Underground Experiment 

TheatreLab explores the exciting possibilities of its new home, the Basement.

click to enlarge TheatreLab co-founders Annie Colpitts and Deejay Gray in their new Broad Street performance space, which opens Oct. 24 with “Hedwig and the Angry Inch” starring Matt Shofner.

Scott Elmquist

TheatreLab co-founders Annie Colpitts and Deejay Gray in their new Broad Street performance space, which opens Oct. 24 with “Hedwig and the Angry Inch” starring Matt Shofner.

Nascent and nomadic, TheatreLab is a Richmond-based ensemble of young actors, directors and playwrights. Its artistic director, Deejay Gray, is always on the lookout. He searches for fresh scripts that will challenge audiences and scans the theatrical horizon for new talent. He monitors the region's 15 or so other theater companies to complement or amplify — or at least not compete with — whatever they're producing.

And then there's scouting for performance spaces. Ah, there's the rub.

"We had trouble finding venues," Gray says of his first season. "It was a scary thing to be a truly mobile theater company."

But in a plot twist in February, it was a venue that found TheatreLab.

Matt Bauserman, who owns a building in downtown's burgeoning arts district, contacted Gray after reading about his involvement in the theater company. Would TheatreLab consider renting the first floor of the empty building at 300 E. Broad St.?
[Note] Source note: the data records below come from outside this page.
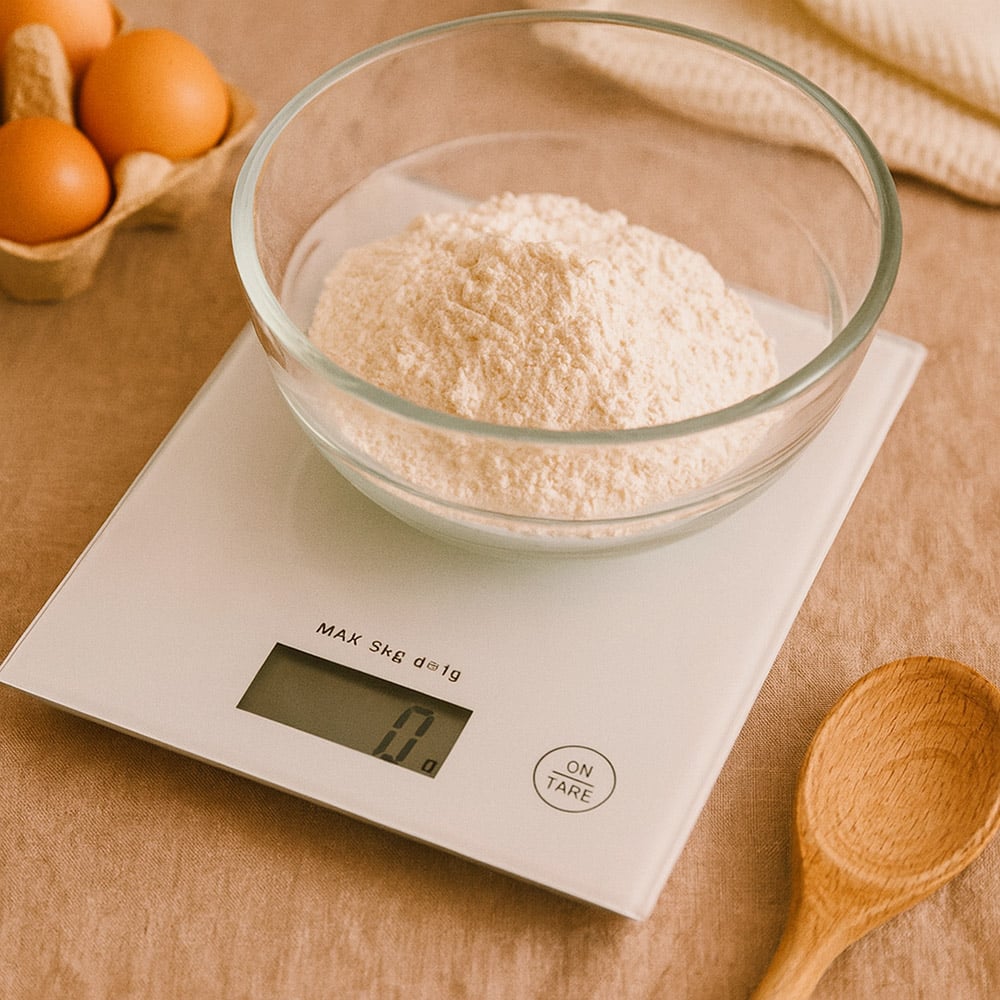 Lille elegant hvid køkkenvægt der vejer op til 5 kg med 1 grams nøjagtighed.
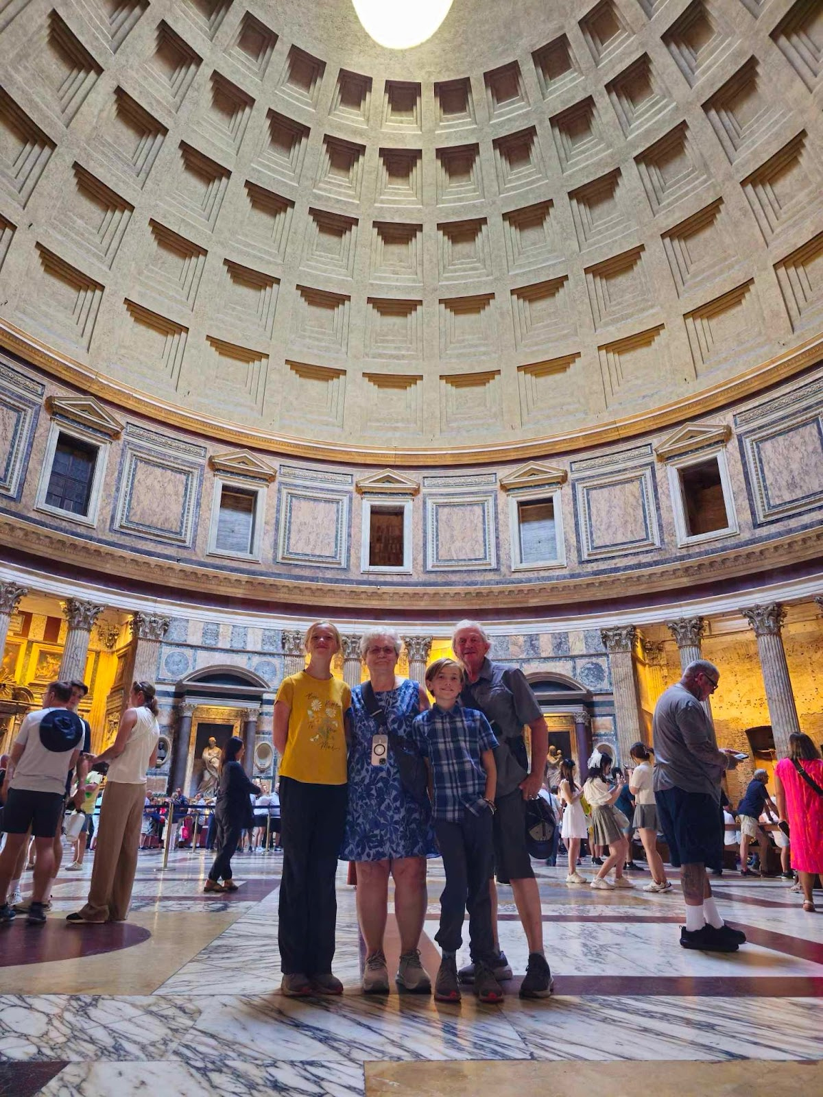 We had a short travel day in which we took a bus and a train and now we are in Rome. When we got back we were all sweaty and exhausted. Evian with my moms parents we took a golf cart tour, my mom made a huge mistake by at the beginning asking to see “All of Rome” which would literally take centuries. But at last he took us on a 5 hour tour that was meant to be 2 hours after our long travel day. I loved the tour. It was mainly going around ancient Rome like the outside of the coliseum and “The circus Maximus” which was epic. After the long tour he had a surprise for us, he got us tickets to go inside the Pantheon!! Wow that is amazing, we went inside and it was even bigger than the Duomo in Florence. It was stunning. When we got back we Collapsed on the beds and fell asleep.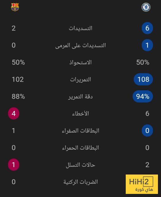 إليكم احصائيات نصف ساعة بين برشلونة و تشيلسي :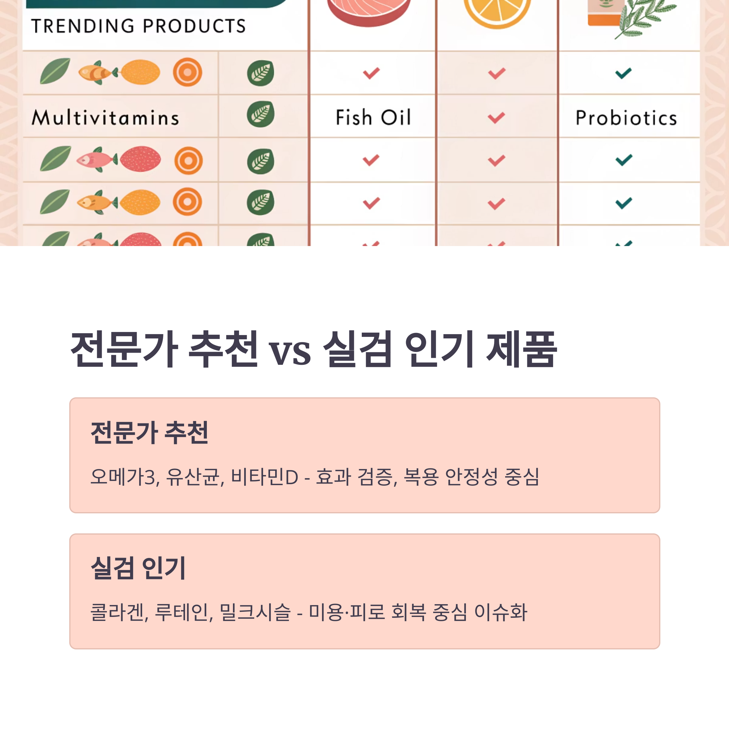 | 전문가 추천 | 오메가3, 유산균, 비타민D | 효과 검증, 복용 안정성 |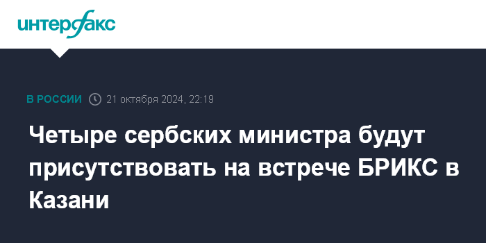 Москва. 21 октября. INTERFAX.RU - Сербию на саммите БРИКС в Казани представят четыре министра, сообщил в понедельник в интервью сербскому телеканалу РТС президент страны Александр Вучич.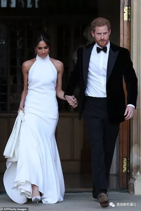 随后的婚礼招待会上,梅根换上一件来自英国设计师Stella McCartney的白色曳地礼服,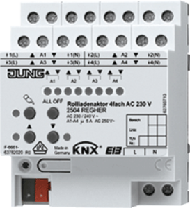 Jung EIB-KNX jaloezie-actor bussysteem, DRA (DIN-rail adapter), busaansluiting incl., bussysteem KNX, manuele bediening, beschermingsgraad (IP) IP20, max. aantal jaloezie-uitgangen 4, met LED indicatie, max. schakelvermogen 5W, breedte in module-eenheden 4, schakelstroom ohms 6A, energiebesparend,
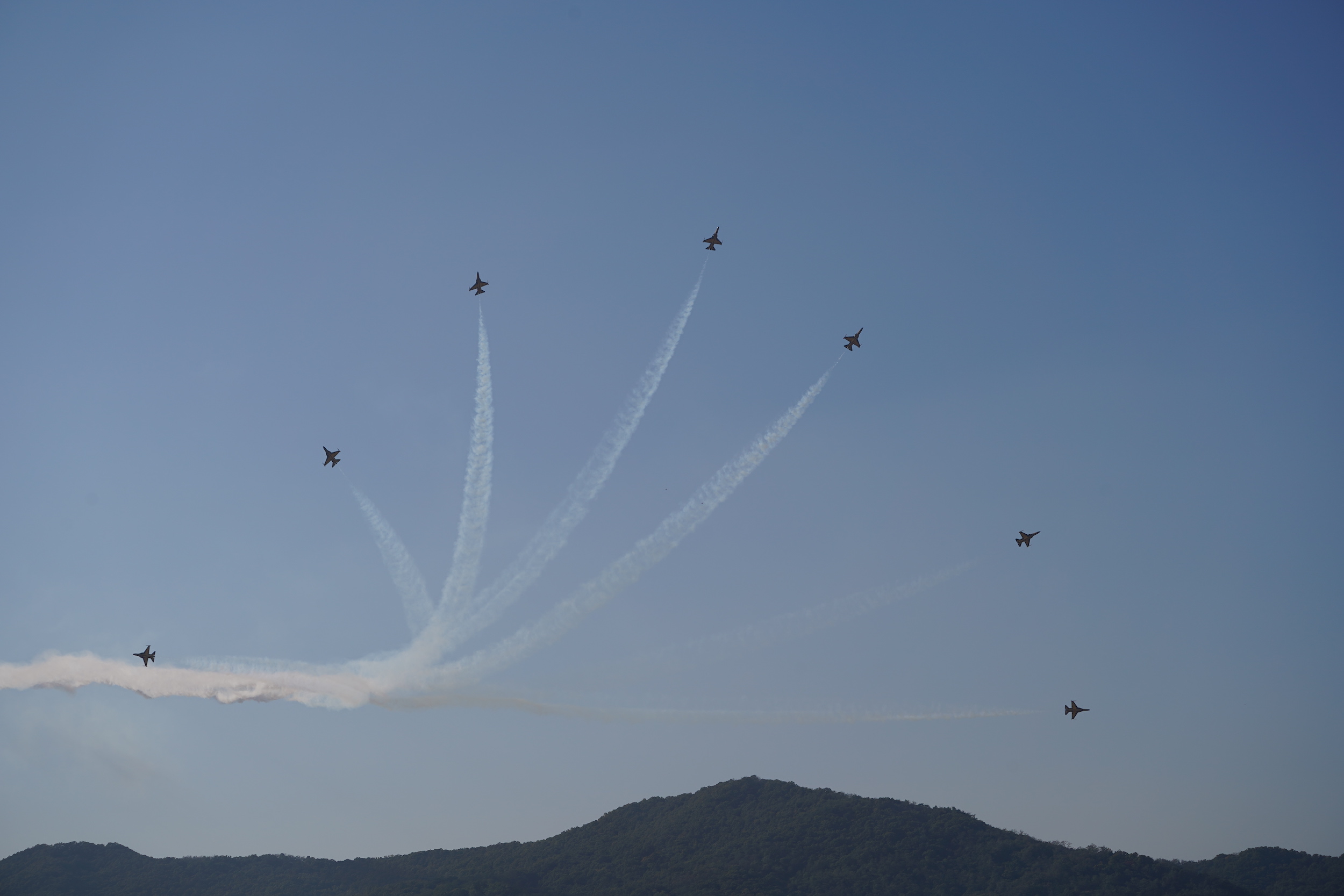 오늘의 하이라이트이자 마지막 비행인 블랙이글스 출격합니다.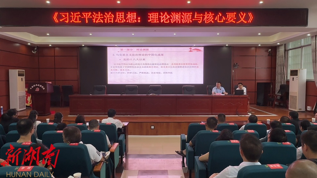 新江永客户端讯(记者 谢文彬 ) 7月9日,县委常委、政法委书记文斌在县委党校为来自县直各单位、乡镇的 80 多名分管政工的副职带来了题为“习近平法治思想:理论渊源与核心要义”的精彩授课。

The corner building with a mid-century modern facade had housed a Hofhimers' shoe store in the early 1900s when the 300 block of East Broad was a shoe destination: It was flush with the Douglas, Rice and Sorg shoe stores and the Walk-Over Boot Shop.

Gray and his TheatreLab co-founder, Managing Director Annie Colpitts, investigated. And while they decided the first-floor ceilings were too high and its windows too large, the basement spoke to them. Its 3,300 square feet of mostly open space, exposed brick walls and unforgiving concrete floor exuded a raw energy that fit their still-evolving, institutional self-image. Plus, the space easily could hold 75 seats, the ceiling height could accommodate theater lighting, and there's direct access onto Third Street through an outdoor staircase. And while nobody would accuse the interior space of being wide, additional space had been excavated under the Third Street sidewalk, an underground nook that was perfectly sized for a "tech booth," the essential nerve center of any performance.

"We found it scary how perfect it was," Colpitts says of the space.

"It was simultaneously exciting and terrifying," Gray adds, his cobalt-blue eyes widening at the memory of signing a five-year lease, "That was not in our five-year plan."

Gray, 26, a graduate of Goochland High School and Radford University, and Colpitts, 24, a Sweet Briar College grad from Norfolk, got hooked on theater as teenagers. In 2011 they met at the Firehouse Theatre, where Colpitts had recently become general manager and Gray was stage-managing a production of "Why Torture Is Wrong and the People Who Love Them."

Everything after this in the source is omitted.